### What you will do
Using the records that follow, reproduce exactly the lines starting at the line containing "Чорна опора створює" and ending at the line containing "IT之家 7 月 25". Include both end lines and no pictures.

### Records supplied
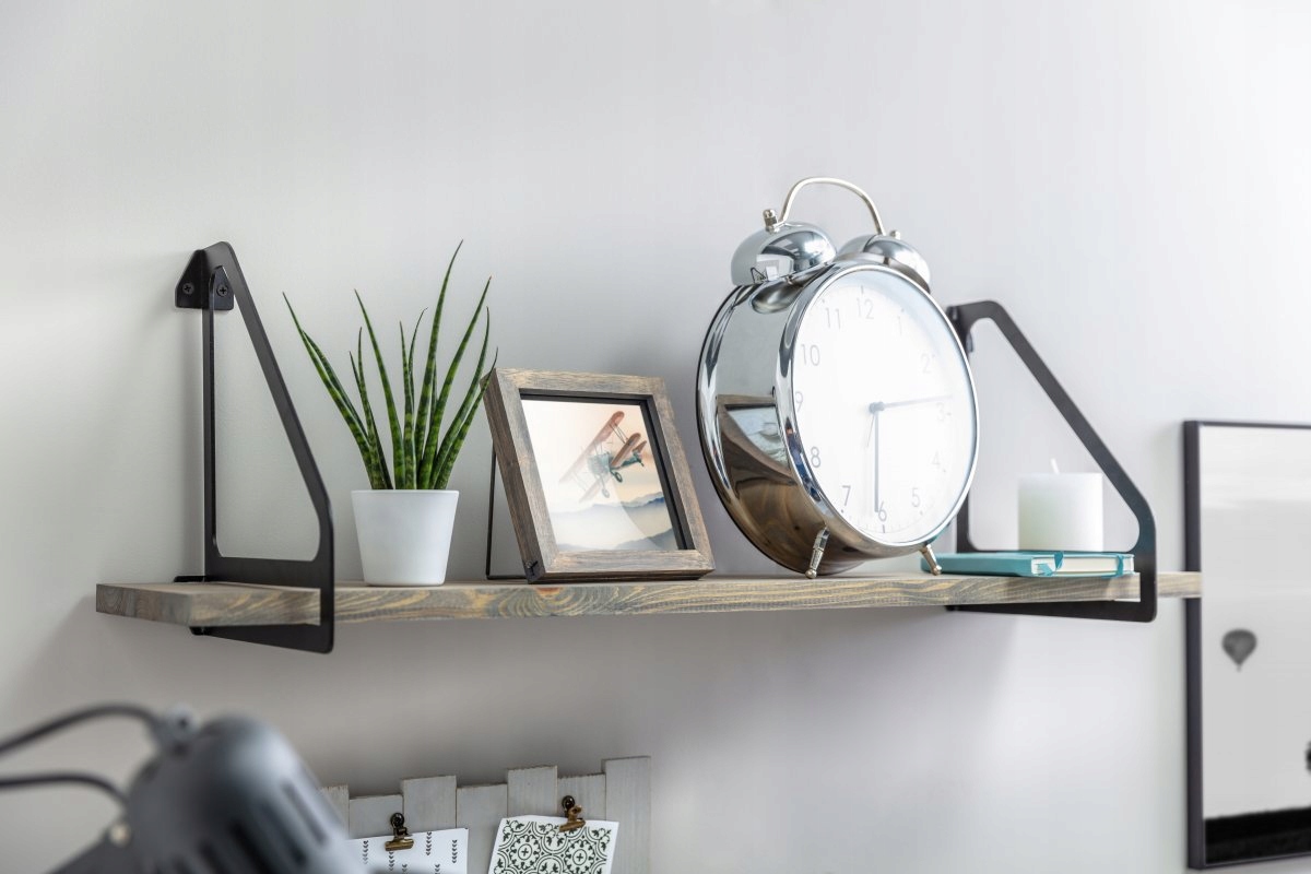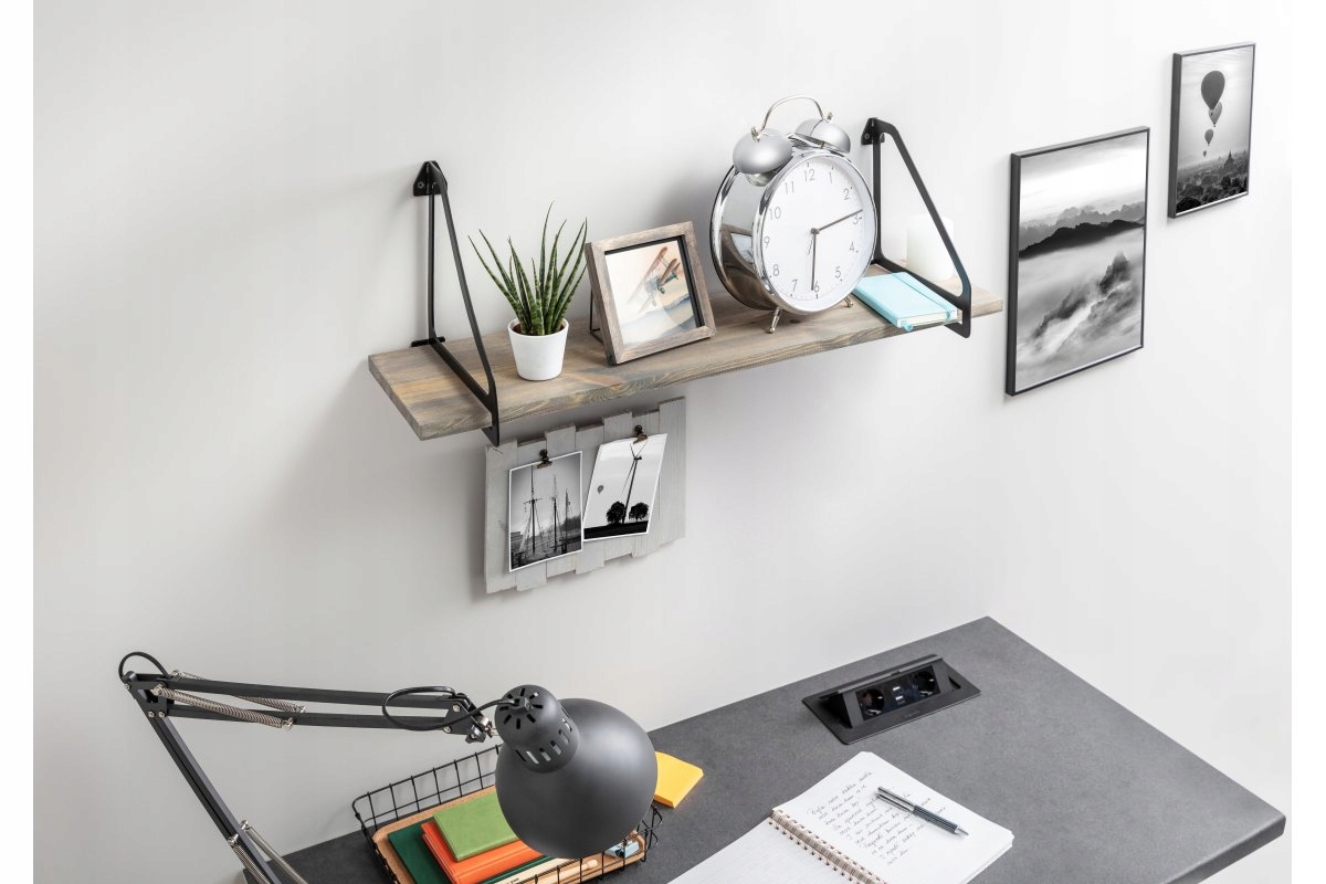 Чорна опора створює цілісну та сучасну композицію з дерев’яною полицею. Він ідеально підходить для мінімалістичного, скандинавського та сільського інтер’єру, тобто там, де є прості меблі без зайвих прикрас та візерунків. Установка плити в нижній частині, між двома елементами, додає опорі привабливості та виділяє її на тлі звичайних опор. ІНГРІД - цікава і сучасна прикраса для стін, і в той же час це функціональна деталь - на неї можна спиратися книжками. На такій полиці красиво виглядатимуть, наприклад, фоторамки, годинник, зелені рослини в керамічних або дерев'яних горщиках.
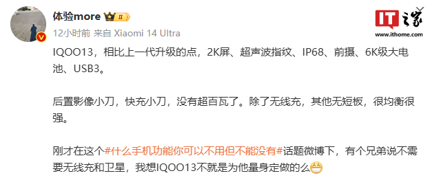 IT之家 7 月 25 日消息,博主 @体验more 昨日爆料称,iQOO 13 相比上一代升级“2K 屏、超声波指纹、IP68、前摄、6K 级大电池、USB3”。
---
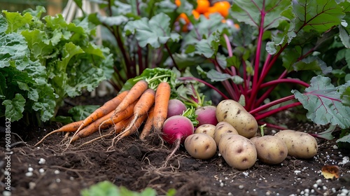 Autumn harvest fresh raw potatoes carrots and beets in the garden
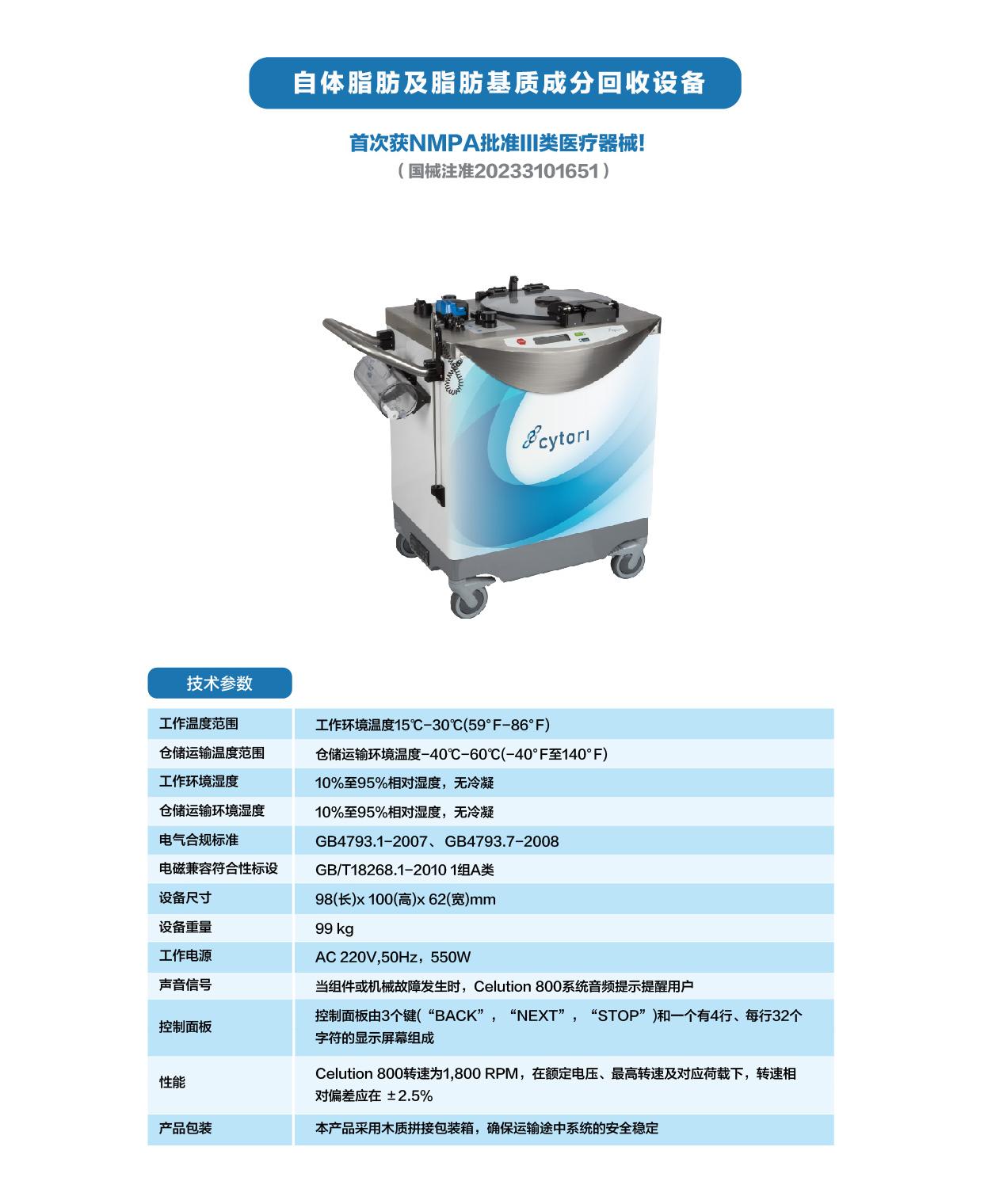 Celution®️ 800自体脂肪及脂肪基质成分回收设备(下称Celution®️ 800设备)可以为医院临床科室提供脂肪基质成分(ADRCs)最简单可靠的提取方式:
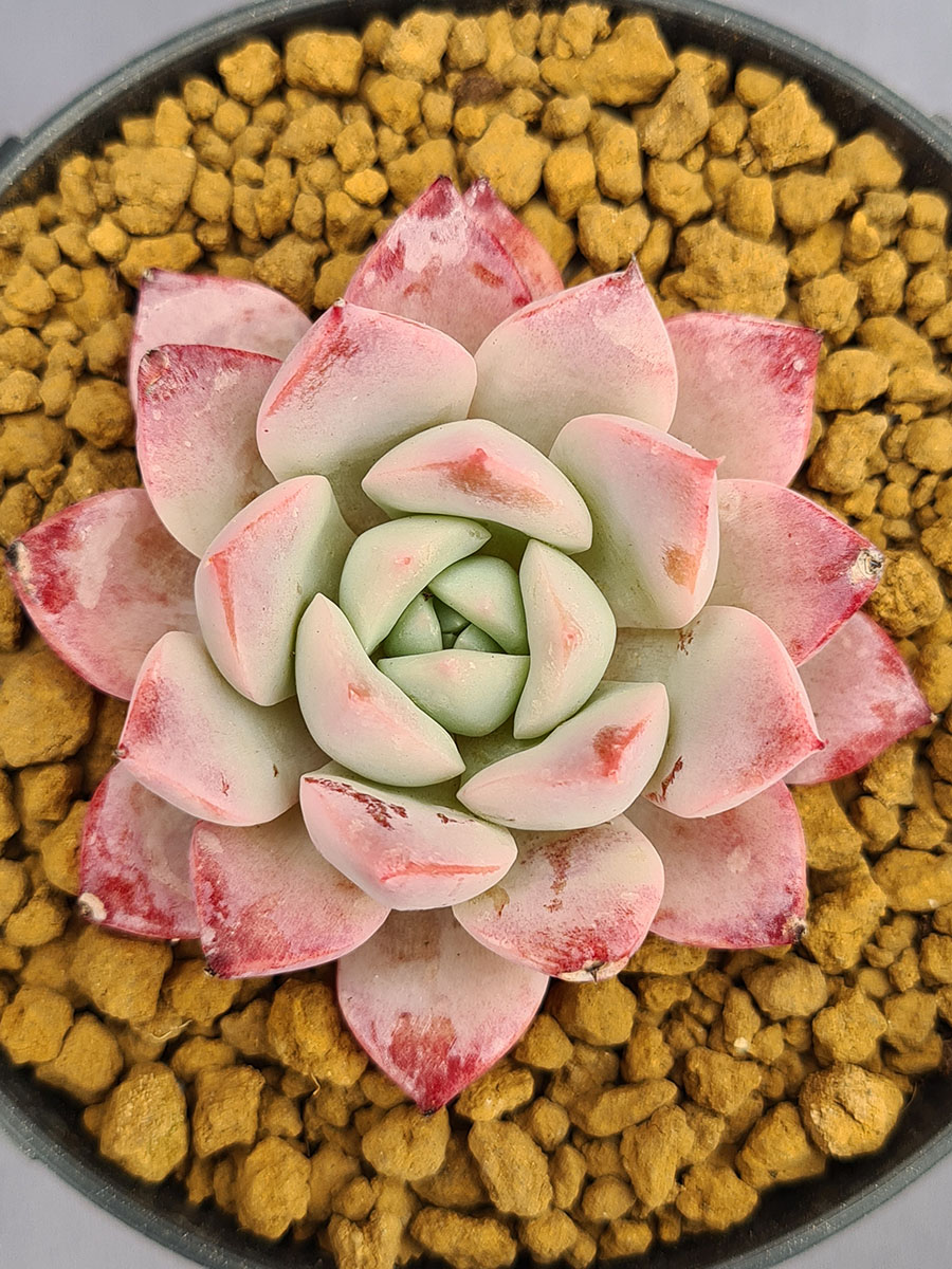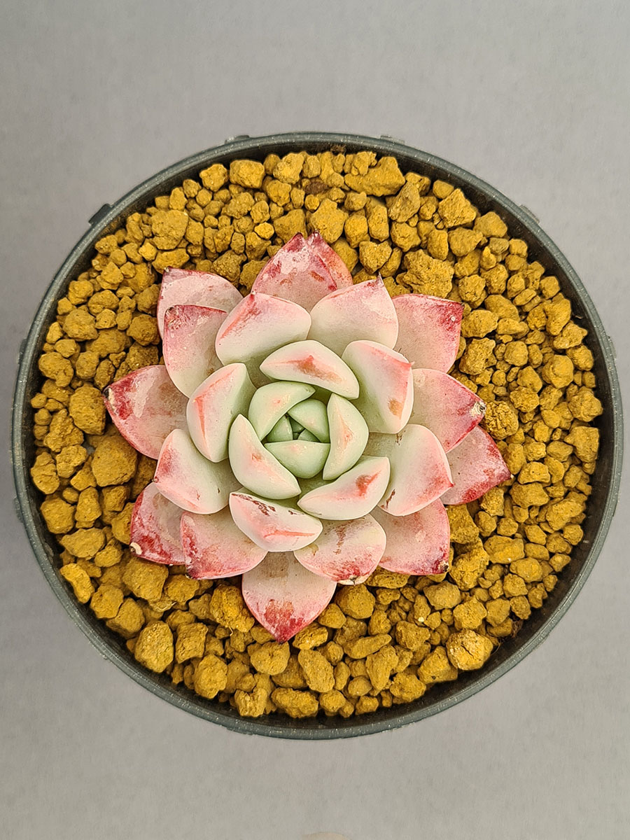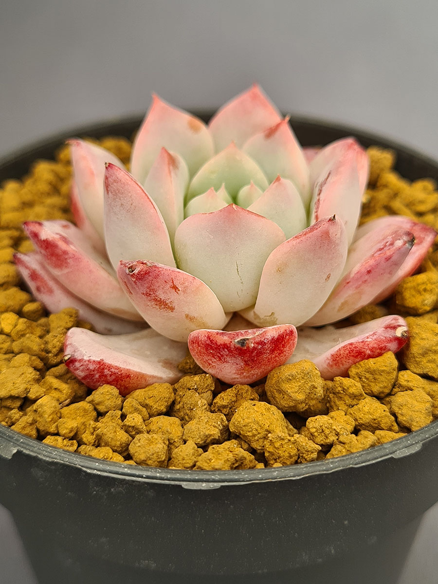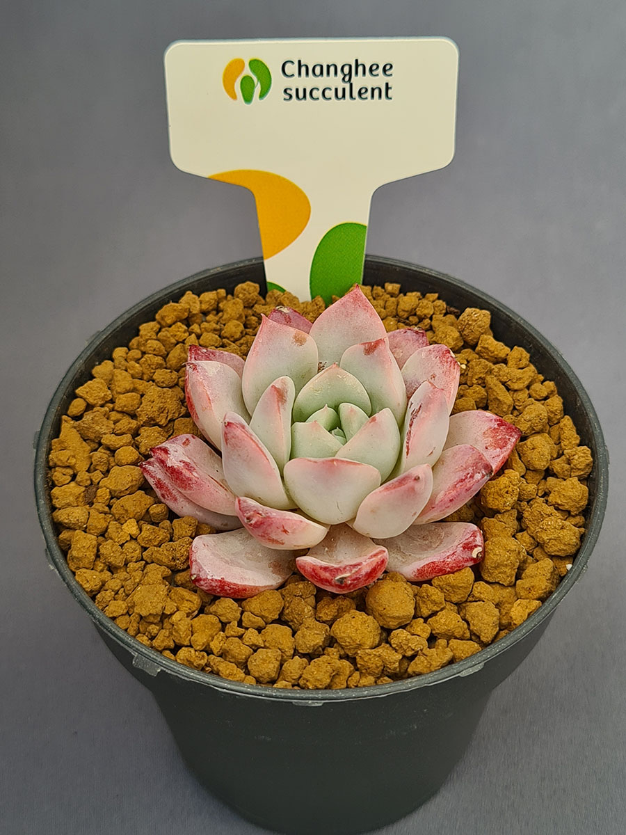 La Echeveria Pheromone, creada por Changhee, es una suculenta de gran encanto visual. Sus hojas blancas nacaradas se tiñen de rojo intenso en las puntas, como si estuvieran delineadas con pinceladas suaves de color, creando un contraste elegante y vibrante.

### Your solution
 Чорна опора створює цілісну та сучасну композицію з дерев’яною полицею. Він ідеально підходить для мінімалістичного, скандинавського та сільського інтер’єру, тобто там, де є прості меблі без зайвих прикрас та візерунків. Установка плити в нижній частині, між двома елементами, додає опорі привабливості та виділяє її на тлі звичайних опор. ІНГРІД - цікава і сучасна прикраса для стін, і в той же час це функціональна деталь - на неї можна спиратися книжками. На такій полиці красиво виглядатимуть, наприклад, фоторамки, годинник, зелені рослини в керамічних або дерев'яних горщиках.
 IT之家 7 月 25 日消息,博主 @体验more 昨日爆料称,iQOO 13 相比上一代升级“2K 屏、超声波指纹、IP68、前摄、6K 级大电池、USB3”。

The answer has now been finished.